If you are a man, you may not want to read this. If you are a woman, you will know exactly what I mean. If you are a man in India, you probably do not have the faintest clue or wonder what all the fuss is about.
I suppose my first inkling that men are an altogether different species in India came in a recent conversation with Principal, M’am. By the way, I have also attained the title M’am and to be quite honest it has a certain superior ring to it; I can live with that. Anyway, on the odd occasion, there is the opportunity for small talk and so I imparted to the Principal that I had indeed had the audacity to leave my son in my home to fend for himself – best not to go into details about the girlfriend, I thought. No worries about my daughter, she was deemed quite able to look after herself. But the notion of a man/boy in a house with no one at his beck and call totally perplexed her. Who was going to do his cooking, pour his tea, do his ironing and washing… Would he survive the ordeal… Really??? When I last looked, my son was in full command of all his faculties with arms, legs and head in working order… so, I do not feel too bad at having abandoned ship and left him to his own devices… But then he has been brought up in the Western World, where time has moved on and men have started to realise they are indeed capable of picking up socks, putting on the kettle for a cup of tea, doing the ironing and cooking a nutritious meal.
And just this morning, after spending last night carefully wheedling out the lyrics of an ‘English’ Christmas Carol (not known to me…) from an Indian CD , Music Sir was at a loss at my suggestion that he could use a pair of scissors to cut off the last bit of the song he did not want on the paper. From the look on his face, he was clearly expecting me to make the amendments on my computer, go downstairs and print out another copy to save him the effort of using his legs.… Well, he had another thing coming: I left him in bemusement and assume he must have worked out how to use scissors or fold a piece of paper or found a more pliable Indian female, because later on he proudly showed me the copies ‘Photocopy Sir’ had made…

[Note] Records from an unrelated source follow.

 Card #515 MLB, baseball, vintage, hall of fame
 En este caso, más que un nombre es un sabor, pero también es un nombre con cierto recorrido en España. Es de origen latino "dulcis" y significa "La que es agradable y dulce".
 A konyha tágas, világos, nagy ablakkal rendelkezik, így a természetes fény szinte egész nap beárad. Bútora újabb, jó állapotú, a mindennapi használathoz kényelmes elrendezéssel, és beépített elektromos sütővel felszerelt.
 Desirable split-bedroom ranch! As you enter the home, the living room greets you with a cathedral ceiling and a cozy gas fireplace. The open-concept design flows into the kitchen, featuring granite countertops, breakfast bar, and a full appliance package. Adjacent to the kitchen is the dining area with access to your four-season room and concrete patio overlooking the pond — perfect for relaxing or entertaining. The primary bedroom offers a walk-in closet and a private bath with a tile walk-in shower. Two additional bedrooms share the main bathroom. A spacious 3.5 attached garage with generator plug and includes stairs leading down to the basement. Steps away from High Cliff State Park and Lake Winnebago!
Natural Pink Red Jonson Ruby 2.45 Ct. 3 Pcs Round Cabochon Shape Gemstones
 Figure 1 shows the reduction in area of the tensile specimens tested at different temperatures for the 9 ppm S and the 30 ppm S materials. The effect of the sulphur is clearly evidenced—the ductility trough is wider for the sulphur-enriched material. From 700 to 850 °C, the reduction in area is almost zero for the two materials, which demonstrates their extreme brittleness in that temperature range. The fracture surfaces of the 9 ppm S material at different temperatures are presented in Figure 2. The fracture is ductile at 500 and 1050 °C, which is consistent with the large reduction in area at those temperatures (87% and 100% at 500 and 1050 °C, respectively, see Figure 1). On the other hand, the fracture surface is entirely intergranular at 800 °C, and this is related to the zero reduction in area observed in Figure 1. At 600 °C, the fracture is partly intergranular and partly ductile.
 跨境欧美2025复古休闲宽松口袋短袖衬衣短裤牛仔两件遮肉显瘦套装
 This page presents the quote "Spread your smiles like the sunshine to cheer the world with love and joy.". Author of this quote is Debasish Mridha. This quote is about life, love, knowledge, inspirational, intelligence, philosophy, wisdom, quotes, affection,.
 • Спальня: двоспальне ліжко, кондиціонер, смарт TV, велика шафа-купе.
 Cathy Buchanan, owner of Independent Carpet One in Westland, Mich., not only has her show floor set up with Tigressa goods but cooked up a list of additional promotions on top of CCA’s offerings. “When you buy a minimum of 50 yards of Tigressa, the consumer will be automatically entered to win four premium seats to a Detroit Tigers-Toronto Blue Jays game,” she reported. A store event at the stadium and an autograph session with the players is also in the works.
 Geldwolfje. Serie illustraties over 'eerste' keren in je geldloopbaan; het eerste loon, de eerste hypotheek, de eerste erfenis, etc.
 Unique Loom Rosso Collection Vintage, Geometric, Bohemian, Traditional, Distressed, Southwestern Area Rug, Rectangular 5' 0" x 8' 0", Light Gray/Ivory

And when the same Music Sir ‘requested’ my opinion on his interpretation of the words for ‘Silent Night’, I was unable to convince him that he was on the wrong path with ‘round you virgin’. But as I had not the faintest idea what the real lyrics of ‘round yon virgin’ actually meant, I respectfully pointed him into the direction of the office computer, where internet access is available to those who make the effort to enquire and ask permission to use it…. As I had a point to prove, I did go down and within a couple of minutes, and with permission granted from Principal M’am, offered a print out of the lyrics, clearly talking about ‘yon virgin’ and putting him to rights about other rather unusual variations on the Christmas theme. Just to give him credit, he did say thank you at least twice, and followed this up with the invitation to address the school during the school’s Christmas celebration on 20th Dec – I respectfully declined. I will duly sing the English hymns, they were after all the ones I selected to teach the children and teachers, but draw the line at reading out anything else. Did I not choose to come to India fully expecting to give Christmas a wide berth this year and enjoying 25th December as a normal working day????